Dylan

118 3 2
                                    

Cuando no hacen caso es cuando las cosas salen mal. Observo mis manos y mis nudillos destruidos, aun así vuelvo a envolverlas en vendas, las que yacen empapadas en mi sangre y sudor y sobre ellas los guantes de ejercitación. Me pongo de pie mientras frente a mis ojos aún puedo contemplar las llamas de hoy por la tarde. Vuelvo a golpear el saco frente a mí. Siento que cada uno de mis golpes son como piedras que sacan chispas entre sí. El agotamiento me hace jadear, el sudor corre por mis sienes y estila de mi cabello, pero aún no es suficiente. La angustia no se va, por más que golpeo este maldito saco no puedo sacarla de mí. Como si esto no fuese suficiente, voces y rostros de mi oscuro pasado se hacen presentes encadenándome y hundiéndome cada vez más en una profunda desesperación que me lleva solo a aumentar la frecuencia y fuerza de mis golpes. Son casi las tres de la madrugada, la mansión estaría completamente en silencio si no fuese por mí, sólo en esta habitación oscura, sin más testigos que la soledad y la profunda oscuridad que me rodean. Una tenue luz ingresa a través del ventanal, la que me ayuda a guiar mis pasos dentro de este gran salón. Golpeo el saco con tal fuerza que siento que se desprenderá del techo, aun así buscaría algo o alguien más con quien continuar. El profundo dolor de uno de mis hombros me hace detenerme, el dolor es lo único en la vida que me ha hecho dar un pie al costado o pensándolo bien me hizo querer continuar. En mi corto receso observo el espejo frente a mí. Jadeando como un animal camino hasta quedar a algunos centímetros del cristal. Observo mis brazos que palpitan por el sobre esfuerzo y mi torso desnudo brilla debido al sudor. Me veo fijo a los ojos, las llamas están frente a mí. Me veo con furia.

― No debiste dejarle ir― Me reprocho respirando con dificultad.

Observo los músculos de mi cuello muy marcados y puedo sentir mis pulmones desviviéndose por mantener el aliento en mí. Siempre tomo las decisiones por todos, soy la mente de todos quienes me rodean.

Supe que se llevaría a cabo una subasta de antiguas estatuas muy valiosas y había una en especial que necesitaba para luego revenderla. "El marino de oro", una estatuilla de oro sólido con incrustaciones de diamante. Aun no tenía un comprador pero no tardaría en hallarlo.

― Tranquilo, yo voy por ti―dijo Steve con su semblante tranquilo.

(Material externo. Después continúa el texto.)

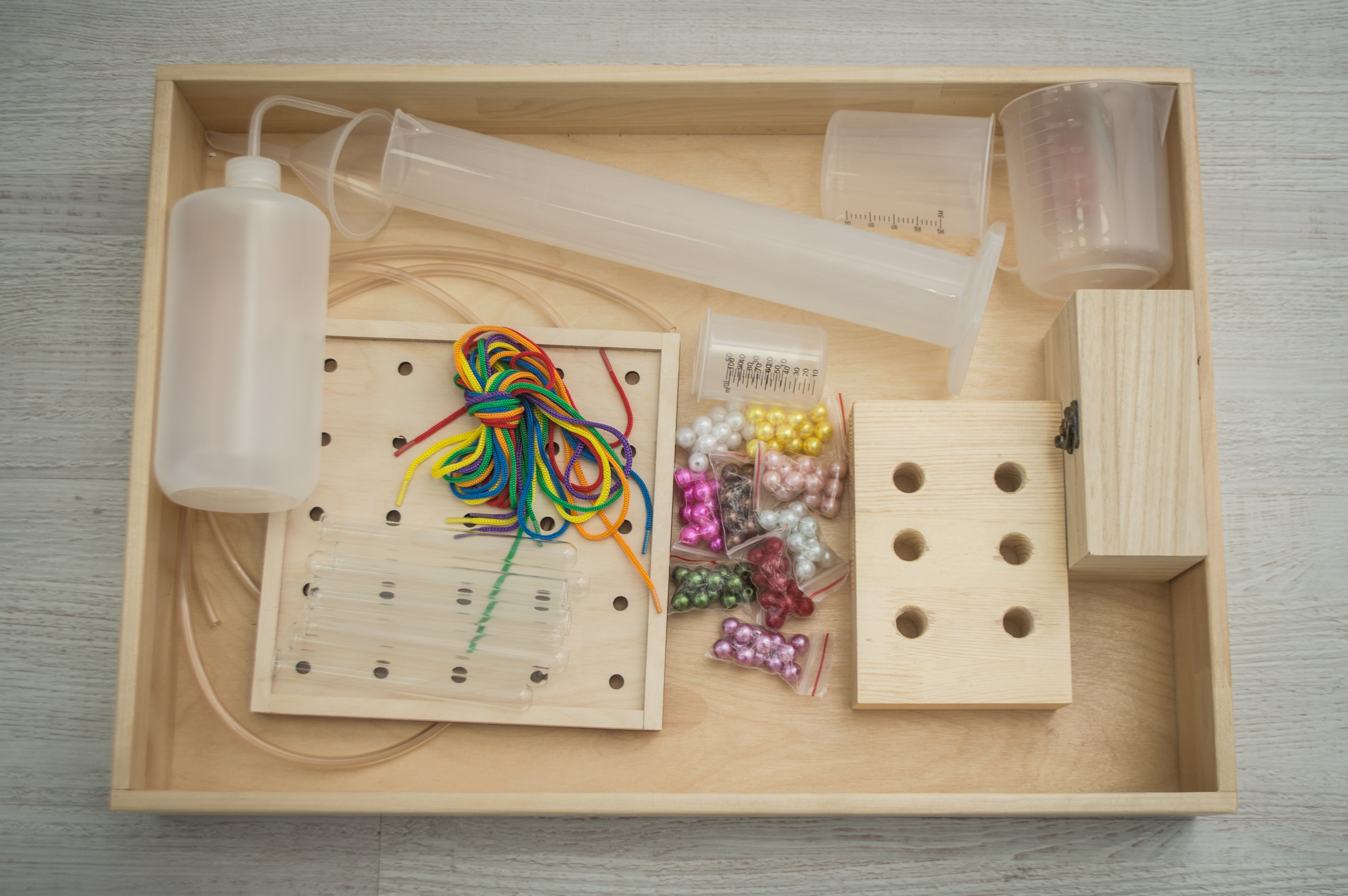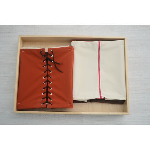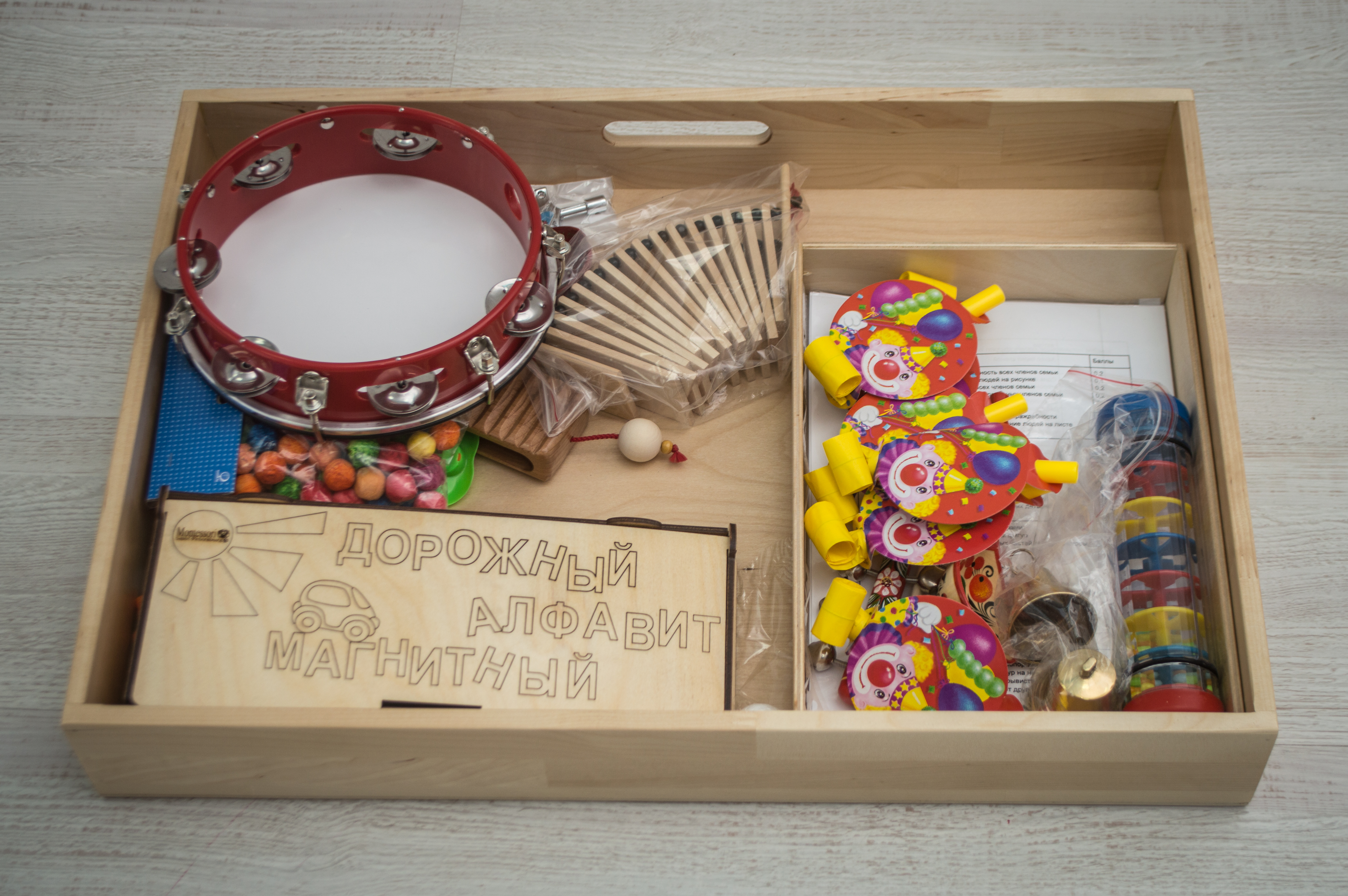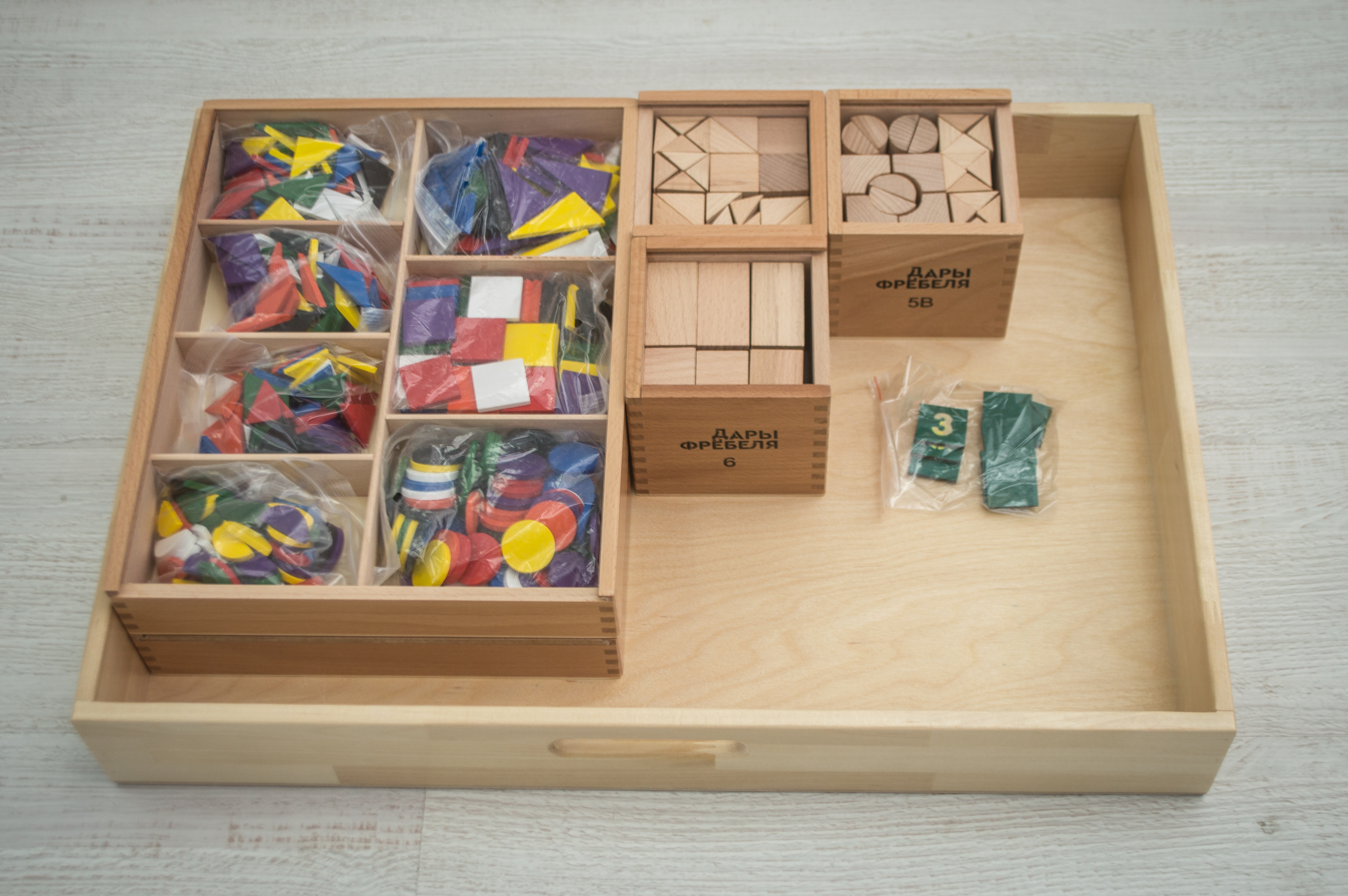 Основной материал, используемый в наборе, - древесина. Поверхности тщательно отшлифованы, некоторые детали окрашены в яркие цвета.

― Sabes que me gusta asistir personalmente a ese tipo de eventos, quien sabe y traigo algo más ― reproché molesto― ¿Cuál es tu intención al desobedecer?, deja de hablar estupideces y ve a preparar a los hombres para mi salida―ordené masajeando mis sienes algo sulfurado.

― Mírate, desde que volviste anoche no sabes otra cosa más que beber y juguetear con tu manopla una y otra vez, solo quiero que tomes un respiro― insistió.

― Como me siento o me dejo de sentir es mi problema― reclamé

― No eres más que un niño consentido y malcriado ― Me dijo levantando una ceja con tranquilidad.

― ¿Quién me consiente? ― pregunté sin tomarle atención aún muy molesto.

― Tu mismo― aclara.
Dejé ver una sonrisa satisfecha.

― De todas maneras estás desobedeciéndome― Dije apoyando mi cuerpo en mis codos sobre mi escritorio y juntando mis manos.

― ¿Deberías asustarme?, Sabes que conmigo no te resulta esto de jugar el chico malo―me desafió entrecerrando sus ojos.

― Bien― accedí con un suspiro― Haz lo que quieras― dije despreocupado subiendo mis pies sobre el escritorio― Solo sal de mi oficina y déjame disfrutar de mi tarde libre entonces― relajando mi cuello aún con mi rostro severo.

― ¿Cual carro uso?― pregunta satisfecho.

― El blindado, deja que Ronald conduzca, tú ya estás ciego― recostándome en mi silla desganado― Los años― aclaré.
Asintió y se volvió en dirección a la salida.